Exercise objective:
Using the data below, return the stretch from the line that contains "教师伏倩倩为2022级雕刻艺" through the line that contains "Een stijlvolle witte", both included, exactly as it stands and nothing beyond it.

Provided information:
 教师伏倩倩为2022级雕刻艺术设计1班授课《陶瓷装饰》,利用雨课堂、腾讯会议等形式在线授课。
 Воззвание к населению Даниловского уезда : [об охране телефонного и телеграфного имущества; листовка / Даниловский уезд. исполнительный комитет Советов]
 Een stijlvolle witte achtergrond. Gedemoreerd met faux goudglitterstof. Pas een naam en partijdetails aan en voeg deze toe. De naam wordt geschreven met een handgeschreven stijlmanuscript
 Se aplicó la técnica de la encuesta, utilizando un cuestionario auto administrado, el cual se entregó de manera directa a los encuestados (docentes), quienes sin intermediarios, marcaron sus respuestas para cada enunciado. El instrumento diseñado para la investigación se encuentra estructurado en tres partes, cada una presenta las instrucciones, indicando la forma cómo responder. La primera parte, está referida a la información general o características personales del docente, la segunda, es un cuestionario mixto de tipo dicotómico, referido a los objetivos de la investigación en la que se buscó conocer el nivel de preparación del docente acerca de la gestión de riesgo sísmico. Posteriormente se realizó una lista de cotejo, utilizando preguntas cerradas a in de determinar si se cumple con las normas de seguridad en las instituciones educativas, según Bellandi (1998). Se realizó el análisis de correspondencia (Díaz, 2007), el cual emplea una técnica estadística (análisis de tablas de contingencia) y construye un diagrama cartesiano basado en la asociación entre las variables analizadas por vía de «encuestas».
--
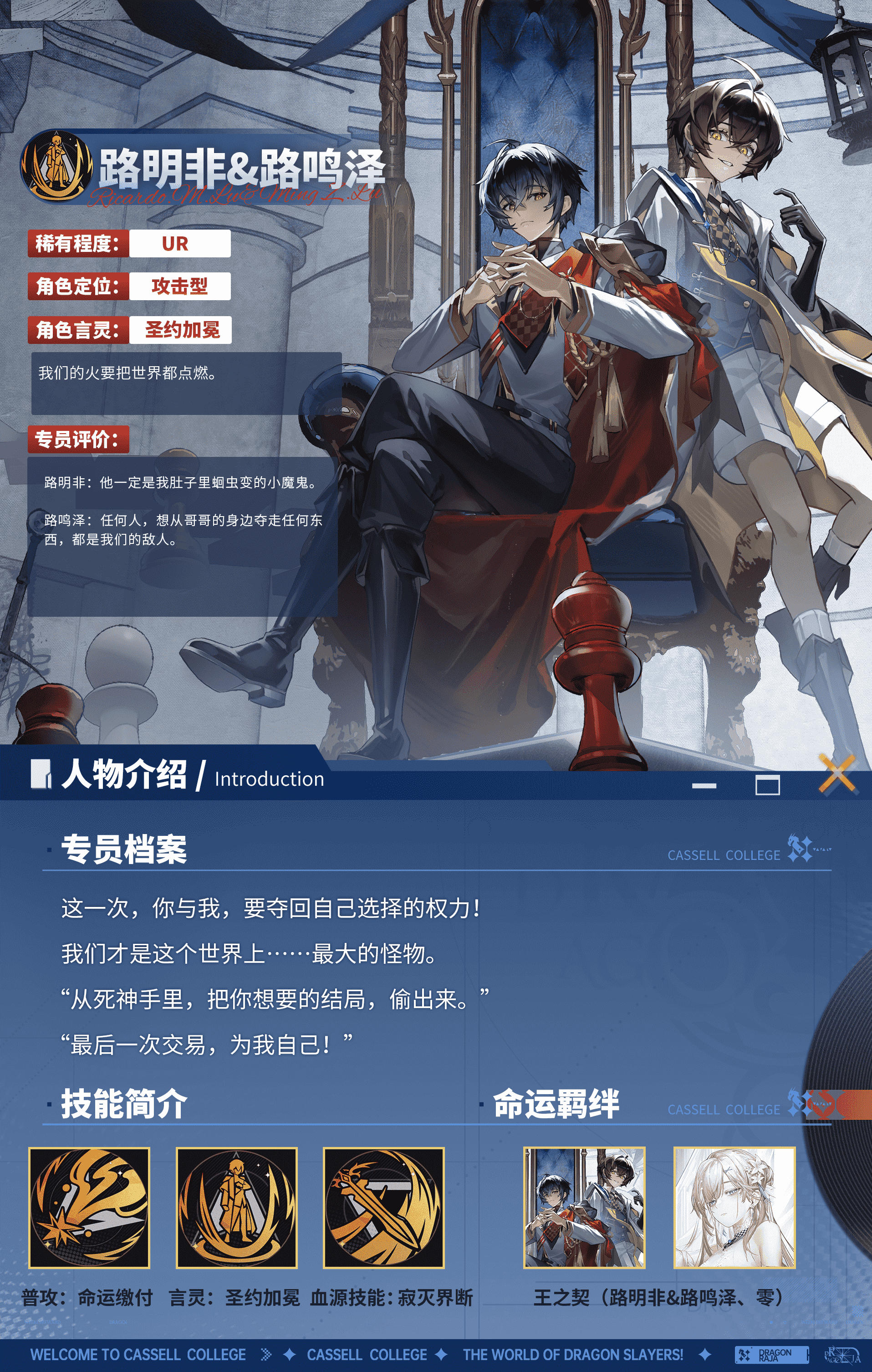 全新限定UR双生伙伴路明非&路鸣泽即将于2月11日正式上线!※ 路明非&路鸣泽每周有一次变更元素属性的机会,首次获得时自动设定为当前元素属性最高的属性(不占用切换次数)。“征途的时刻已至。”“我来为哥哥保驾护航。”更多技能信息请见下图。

Solution:
 教师伏倩倩为2022级雕刻艺术设计1班授课《陶瓷装饰》,利用雨课堂、腾讯会议等形式在线授课。
 Воззвание к населению Даниловского уезда : [об охране телефонного и телеграфного имущества; листовка / Даниловский уезд. исполнительный комитет Советов]
 Een stijlvolle witte achtergrond. Gedemoreerd met faux goudglitterstof. Pas een naam en partijdetails aan en voeg deze toe. De naam wordt geschreven met een handgeschreven stijlmanuscript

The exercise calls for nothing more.